Ensuite, la responsabilité des opérateurs. Elle a tout d'abord tendance à être "objective". Dans un système qui se fonde sur les finalités et l'effectivité de la concrétisation de celles-ci, les opérateurs seront "responsables" sans même avoir eu l'intention de mal faire (définition subjective de la faute, de l'imputation du dommage, de la responsabilité), parce qu'il y aura eu un "manquement", parce que l'opérateur était "en position" d'empêcher qu'une situation contrariant le but poursuivi par le système de régulation se constitue, ou était en position de faire en sorte qu'une situation cristallisant un but poursuivi par le système de régulation se matérialise et que celle-ci n'est pas advenue.

Cette responsabilité engendre des sanctions. Plus encore, elle migre de l'ex post vers l'ex ante, car allant vers un sens plus commun de ce qu'est une "responsabilité", c'est-à-dire un pouvoir pour mieux remplir un devoir, l'opérateur doit utiliser sa force d'une façon effective pour que les buts du système de régulation se concrétisent grâce à lui, en alliance avec l'action du régulation : c'est la compliance.

Risque systémique

Le risque systémique se définit comme ce qui menace un secteur lorsque le comportement et plus particulièrement la défaillance d’un seul agent économique entraîne des comportements en chaîne (effet domino), qui peut faire s’écrouler tout le secteur.
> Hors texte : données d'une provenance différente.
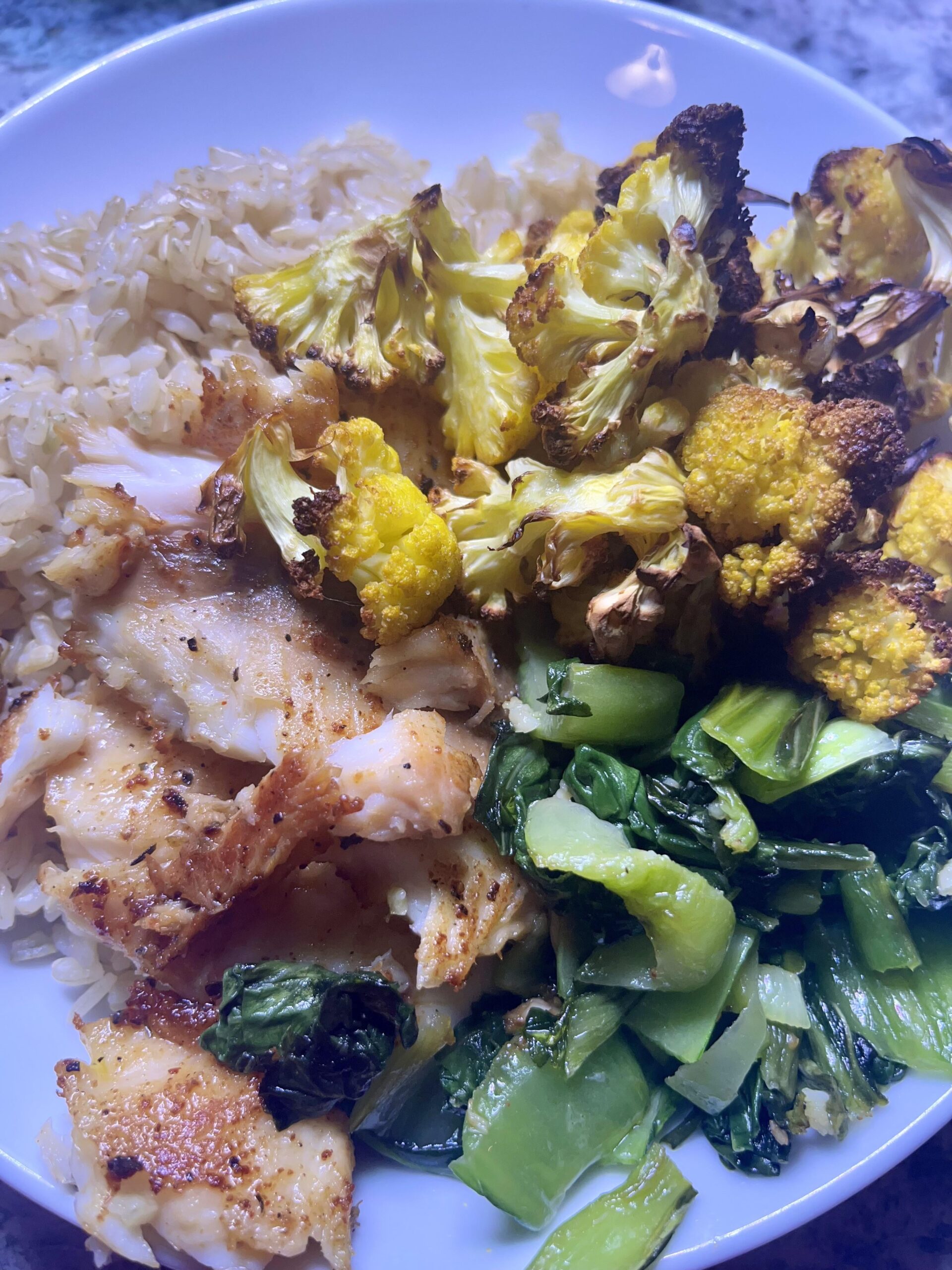 Tilapia: pat dry two fillets with paper towel, then rub with a tiny bit of oil and coat in cajun seasoning, black pepper, and little bit of msg. sear on both sides in a cast iron on medium high heat until internal temperature reads 145F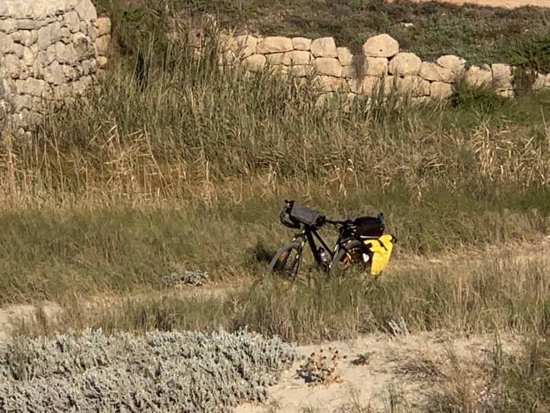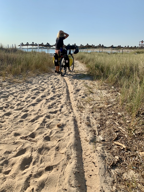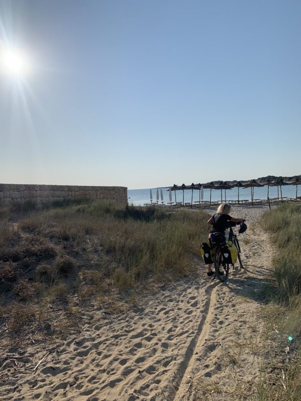 Der Naturpark Torre Guaceto ist laut Claudia wunderschön und wir statten ihm einen Besuch ab. Für Wanderer ist das Gebiet bestimmt herrlich, aber mit dem Rad zu beschwerlich aufgrund der vorwiegend vorherrschenden Sandpisten… Das wollen wir uns diesmal nicht antun! (Dejavu – siehe Etappe 6, 2. Tag, Lago di Lesina…)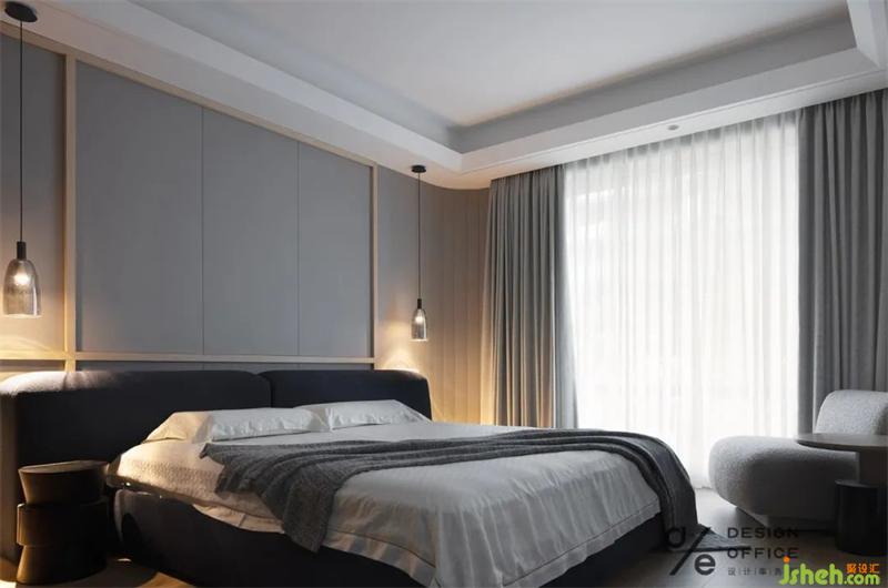 灰色暈染出舒適安逸的氛圍,搭配品質(zhì)家具,營(yíng)造休息空間的靜謐感。造型簡(jiǎn)單的床頭背景,簡(jiǎn)約自然,提升空間質(zhì)感。晝夜的交替,自然光與燈光的更迭,整個(gè)空間呈現(xiàn)出一種不同的魅力。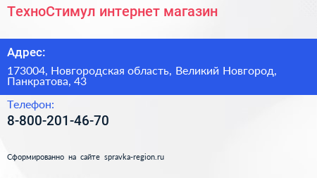 ТехноСтимул, интернет-магазин по адресу 173004, Новгородская область, Великий Новгород, Панкратова, 43 в дальнейшем Организация, размещена в следующих категориях: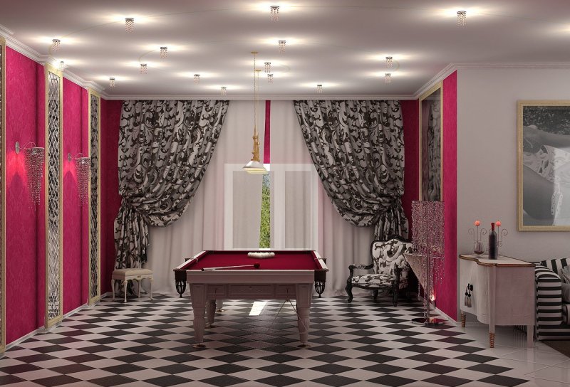 хай-тек – ровный, симметричный, чаще глянцевый, очень блестящий, без изображений, белого, черного, темно-синего, красного цвета, имеет множество источников света;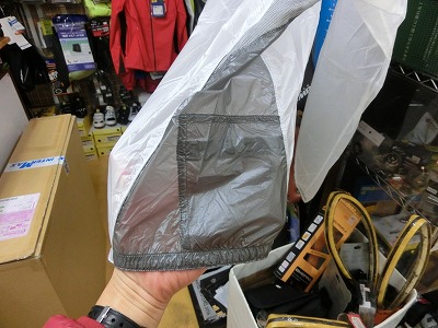 朝出発時にちょっと羽織って走りだし、温まってきたら脱いで仕舞い込むというロードバイクでのよくあるウィンドブレーカーの使い方だと、超軽量で簡単に小さくたためるアイテムが使いやすいのです。お手頃価格と相まってたいへんお勧めです。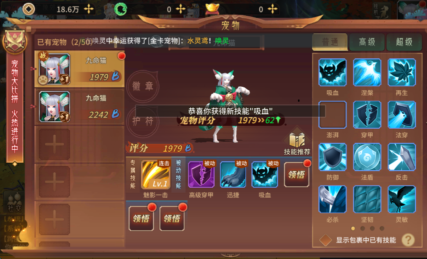 5、宠物的可塑性更好,玩家可以从给宠物洗髓,以获得更好品质的宠物,并且宠物可以使用技能书领悟到新的技能。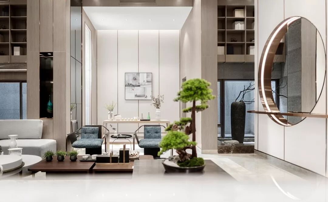 此次项目位于广东佛山,设计师以轻描淡写的手法,描绘块面柔化转角,将心中所思所想都倾注于此,打造出一个飘渺灵动又充满韵味的空间,瞬时让人忘却俗世的繁华喧嚣。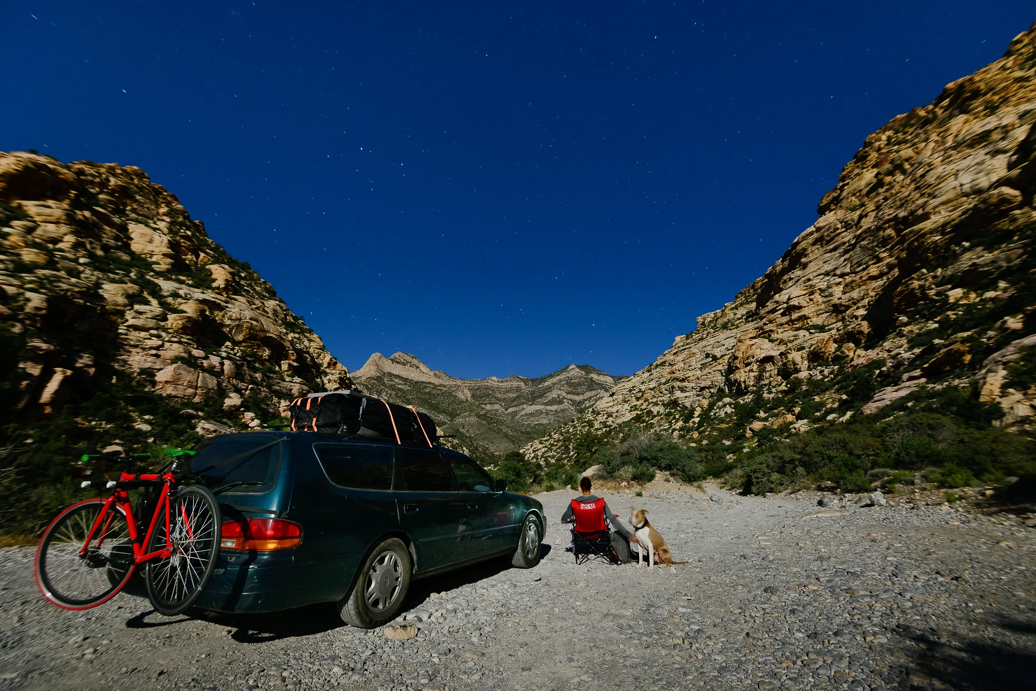 The Adventure Wagon. Nearly 20 years old and with close to $2K in new parts, all 4 cylinders were ready to limp through the next 3000 miles from LA to Detroit. It had been nearly 7 years since my first cross country journey in search of manifest destiny, now it was time to do a little return route and test my newfound knowledge and skills. Looking to pass through as many new locations as possible, I headed first for the Mojave Desert. Windows down, gear packed full, and pitbull in tow, it was time to cruise.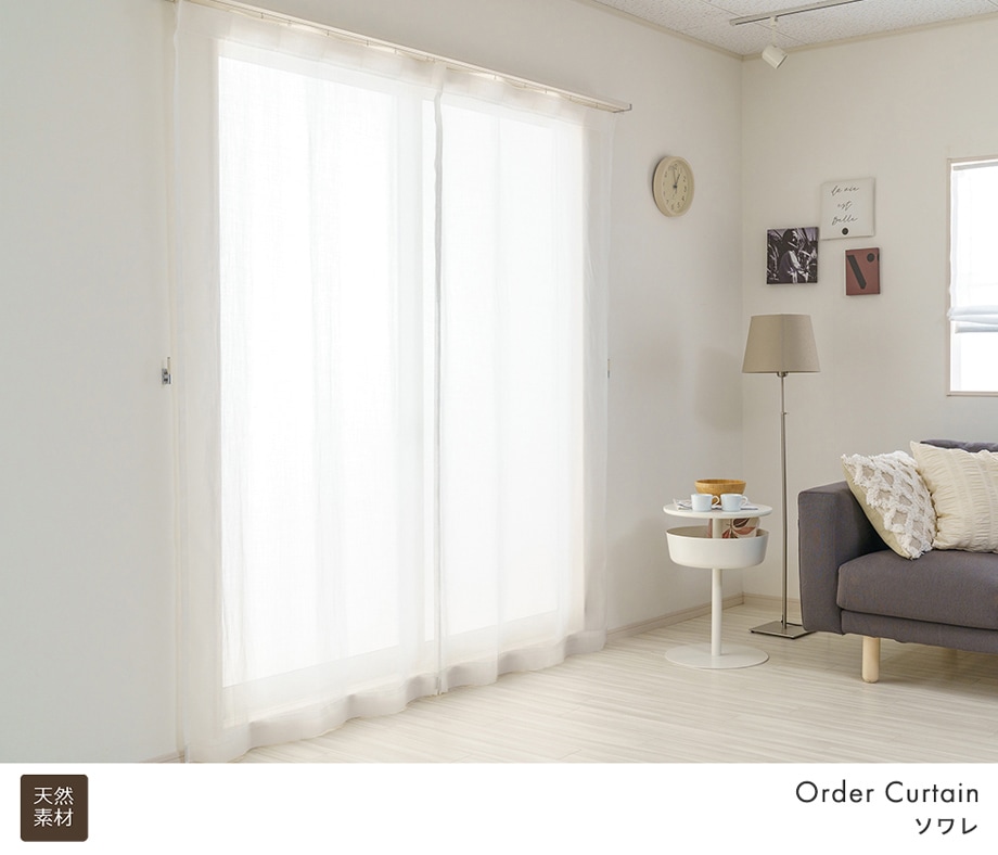 シルケット加工を施した麻100%天然素材レースカーテン「ソワレ」ホワイト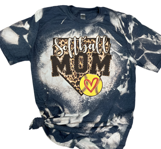 Softball Mom Shirt Bleached, Leopard Home Plate Softball Mom Shirt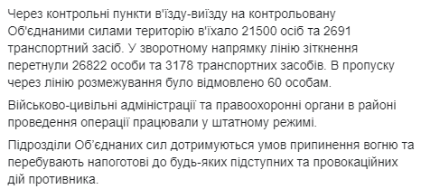 "В течение текущих суток вооруженные формирования Российской Федерации и ее наемники два раза нарушили режим прекращения огня. Противник обстреливал наши позиции в районе ответственности оперативно-тактической группировки "Восток" из станкового противотанкового гранатомета, крупнокалиберных пулеметов и стрелкового оружия", - говорится в сводке ООС.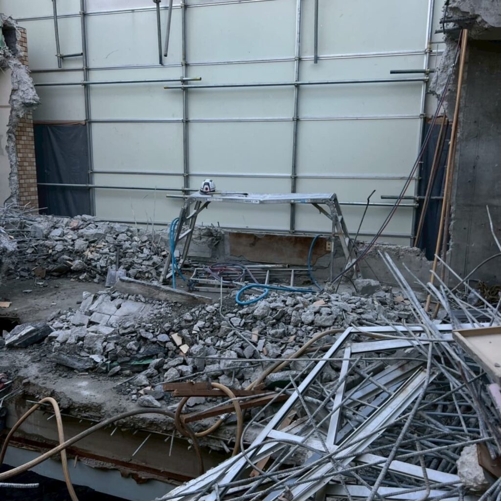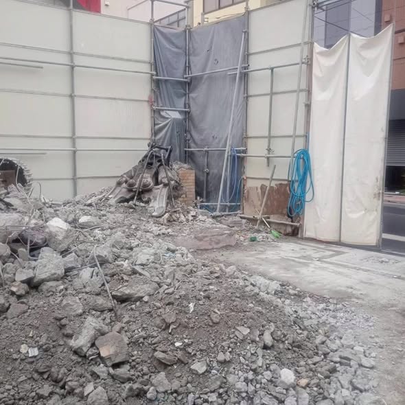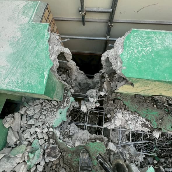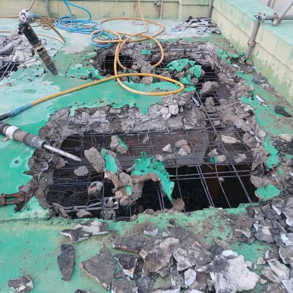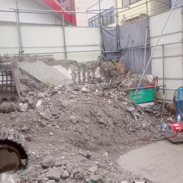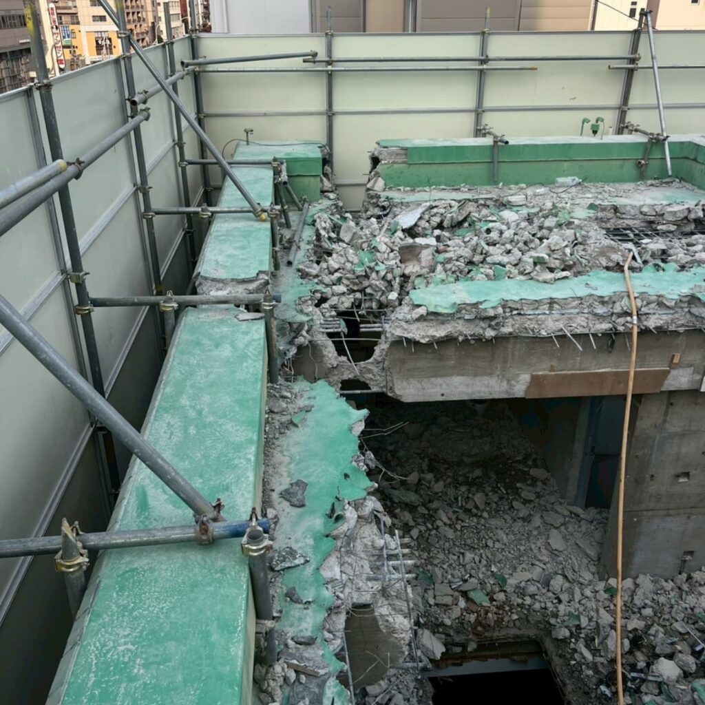 ガソリンスタンド解体では、屋上〜上階を段階的に減らしていきます。主役は「はつり」と「鉄筋切断」です。

Les systèmes bancaires et financiers sont par nature et définitivement sujets au risque systémique puisque une faillite d'établissement financier entraine chez les déposants un effet de panique et un retrait des fonds, comportement qui se généralise et fait s’effondrer le marché. L’effet autoréalisateur et inéluctable du processus rend impérieux la prévention de risque systémique, à la fois par le Régulateur financier et par la Banque centrale.

C’est pourquoi c’est l’hypothèse la plus forte où le principe de concurrence, pourtant très vif entre les banques, est mis en balance avec la prévention radicalement nécessaire du risque systémique. Les moyens pour prévenir un risque systémique pour gérer une crise systémique d’un risque réalisé ou pour sortir de la crise sont aujourd’hui un souci premier, laissant loin derrière le souci de concurrence. C’est pourquoi tous les pays cherchent aujourd’hui à reconstruire une régulation bancaire et financière qui n’a pu jouer son rôle puisque la crise financière est advenue en 2008.

L'Union bancaire est construite dans cet esprit. L'Union des marchés de capitaux, moins avancée, également.